The constant release of CO2 in the atmosphere is a major component of global climate change. In addition, this increase profoundly modifies the physiology of plants, in particular by acting on major metabolic pathways such as photosynthesis, photorespiration as well as the assimilation and use of nitrogen. Beneficial bacteria interact with plants, improving their growth and tolerance to environmental stresses. Enterobacter sp. SA187 is a beneficial bacterium that increases plant tolerance to abiotic stresses (Andrès-Barrao et al., 2017; de Zélicourt et al., 2018; Shekawat et al., 2021). Recently, we have shown that this beneficial bacterium also improves the growth of Arabidopsis thaliana when cultivated under elevated CO2 conditions (eCO2, 1000 ppm). Therefore, we seek to determine and characterize which pathways are modulated by Enterobacter sp. SA187 and lead to this beneficial effect on plant growth under eCO2 conditions.
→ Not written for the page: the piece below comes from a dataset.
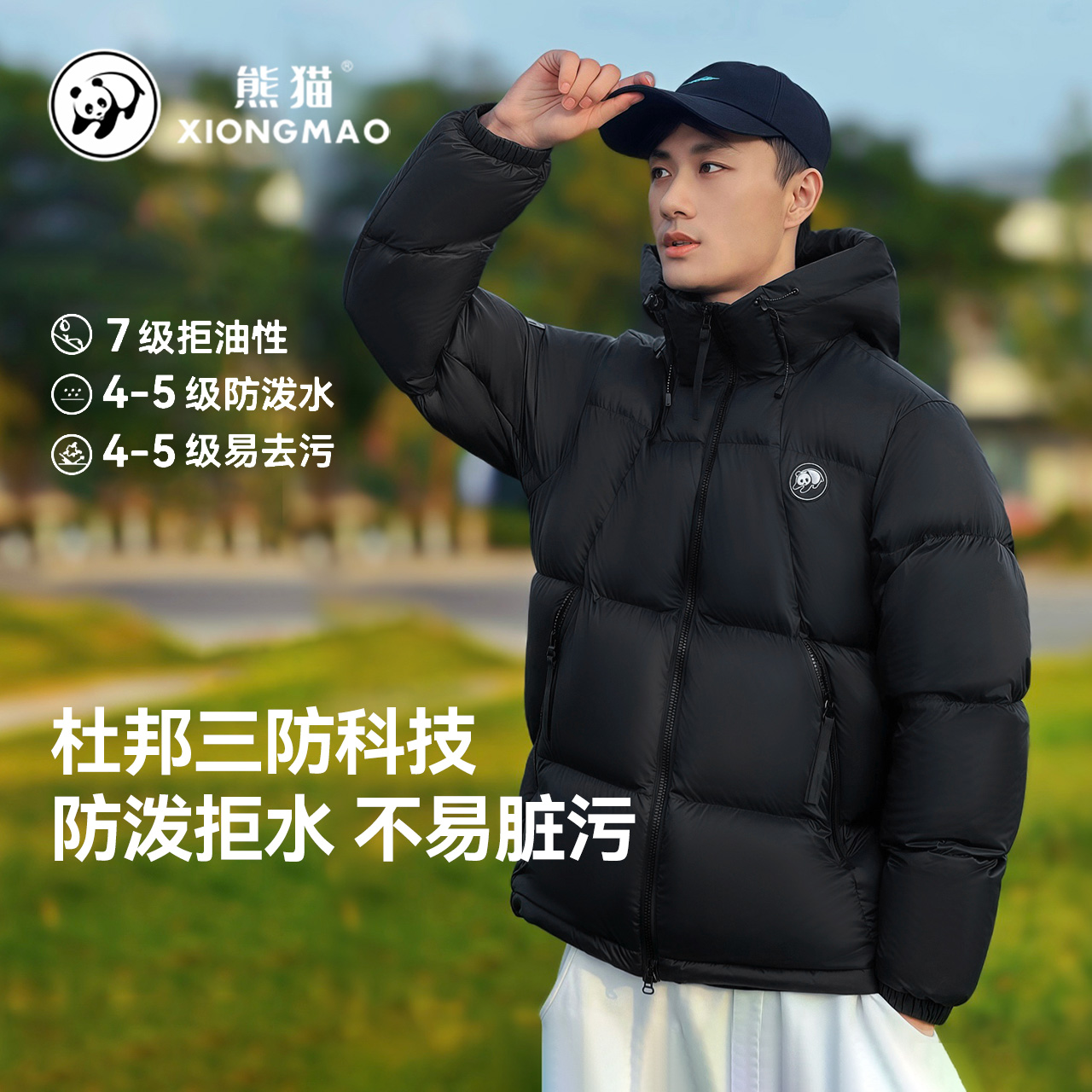 暖烘烘熊猫羽绒服男女2025冬季保暖防风雪蓄热连帽加厚面包服外套,卖家熊猫时尚旗舰店,【超级立减12%】【可叠加40品类卷】时尚博主,精选同款,防泼水抗塞羽绒服,泡泡羽绒系列,这是一款轻暖防小雨的短款面包羽绒服,甄选高蓬鸭绒,穿着轻暖舒适;加持防泼水科技,轻松抵御小雨突袭:多重蓄温保暖,有效抵御风雪天气

Using the plant model Arabidopsis thaliana, and by combining physiological measurements with omics analyzes (transcriptomics and metabolomics), we aim to answer the following questions:

1. What is the influence of SA187 inoculation on plant development and physiology under eCO2 conditions?

2. What are the plant and bacterial signaling pathways and metabolic functions (e.g. hormone content, photosynthetic activity, nitrogen use,…) involved in this beneficial interaction?

SA187 root colonization promotes Arabidopsis growth in e[CO2]. (A) Mock and SA187 inoculated plants grown for 17 days under e[CO2] conditions. (B) Mock and SA187 inoculated plants fresh weight under ambient and e[CO2] conditions. Box plots represents 5 biological replicates (n>70), asterisks indicate a statistical significance based on t-test (*= p<0.05; ***=p<0.0001). (C) Colonization of Arabidopsis root using GFP-labelled SA187 strain.

In addition, we are currently screening a bacterial collection to identify new beneficial bacteria that bring about increased plant growth under eCO2conditions and/or improved tolerance to heat stress. The most promising bacteria will be characterized and tested directly on crops (such as wheat or rapeseed) in order to provide new tools to increase plant yield in the near future.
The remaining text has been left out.